東日本大震災から15年にあたり、天皇・皇后両陛下と愛子さまが、6日(月)から福島県を訪問されます。被災地に寄り添う皇室の思いは、次の世代の愛子さまへと継承されていきます。

【写真を見る】「被災地に心を寄せ続ける」愛子さまの被災地への思い

震災から15年、ご一家で福島訪問へ

高柳光希キャスター:
震災の発生から15年にあたり、天皇・皇后両陛下が、愛子さまと共に6日から福島県を訪問されます。

発生から「10年」の節目の2021年には、コロナ禍だったということで、オンラインで現地の方と懇談されました。

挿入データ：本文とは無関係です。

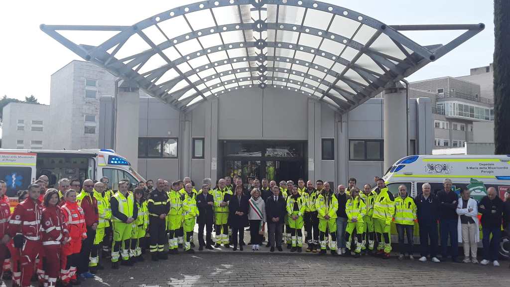 Schierati nel piazzale esterno a rappresentare l’intera catena dell’emergenza sanitaria, oltre alle ambulanze 118 dell’azienda ospedaliera e al personale dell’elisoccorso, anche gli operatori e i mezzi di soccorso dei vigili del fuoco, della polizia di Stato, del Corpo dei carabinieri e della guardia di finanza, della polizia municipale, del Sasu – Soccorso alpino e speleologico Umbria, della Croce rossa, della Ovus pubblica assistenza e della Misericordia.

そして発生から「15年」の2026年、先月25日から予定されていた岩手・宮城への訪問は、両陛下に風邪の症状があり延期となり、6日からご一家で福島への訪問が予定されています。

今はもう風邪の症状は回復されたのでしょうか?

報道局社会部 宮内庁キャップ 岩永優樹 記者:
先日、両陛下をお見かけしたときには、表情も声も非常にお元気そうでした。

実は今週、取材の場で陛下が記者の方に歩み寄って、お声がけをされる場面がありました。そこで「ご心配をおかけしました」、「雅子もずいぶんよくなりました」とおっしゃっていたので、体調の方はおそらく大丈夫だと思います。

高柳キャスター:
陛下が近くにいらっしゃって、お声がけしてくださることもあるんですね。

岩永優樹 記者:
そう多くあることではないので、私も驚きました。

南波雅俊キャスター:
被災地に寄り添われているだけではなく、取材者や記者にも気遣いをされているんですね。

実際に声をかけていただいて、どのように感じましたか?

岩永優樹 記者:
声をかけていただいたのには、おそらくご自身の中に「心苦しい」という思いがあったこと、そして「回復したことを直接伝えたい」という思いがあったのかとお見受けしました。

双葉町・大熊町への訪問は震災後初 訪問先はどう決まる?

高柳キャスター:
今回の福島訪問は、沿岸地域を2日間かけて回られるんですよね。

岩永優樹 記者:
福島第一原発がある双葉町と大熊町に皇室の方が訪問されるのは、震災後、初めてのことになります。地元の方にとっても大きな意義がある訪問といえます。

日比麻音子キャスター:
様々な場所を訪問されるようですが、訪問先やどのようなことをするのかなどは、どのように決めていくのでしょうか。

岩永優樹 記者:
施設などの具体的な訪問先は、原則、県が提示をすることが多いです。ただその中で、両陛下の思いなどを汲みながら最終調整を行います。

高柳キャスター:
思い起こすと東日本大震災があったのは、今の上皇陛下が天皇陛下の時でした。上皇ご夫妻は震災があった時、7週連続で被災地を訪問されました。

岩永優樹 記者:
この時、おふたりはすでに80歳近かったのですが、「国民のために」という思いで、この怒濤のスケジュールを敢行されました。

その思いを継いで、皇族方は何度も被災地を訪問されています。

日比キャスター:
思えば、愛子さまも当時9歳でいらっしゃいましたね。

岩永優樹 記者:
当時は、上皇ご夫妻をはじめとして、自主的に停電・節電生活を送られていましたが、小学生だった愛子さまも、生活の中で積極的に節電に努められていたということです。

愛子さま、初の東北被災地へ 友人のボランティアが“原点”に

高柳キャスター:
愛子さま自身も、東日本大震災に対する思いはひとしおですが、東北の被災地は今回が初めての訪問です。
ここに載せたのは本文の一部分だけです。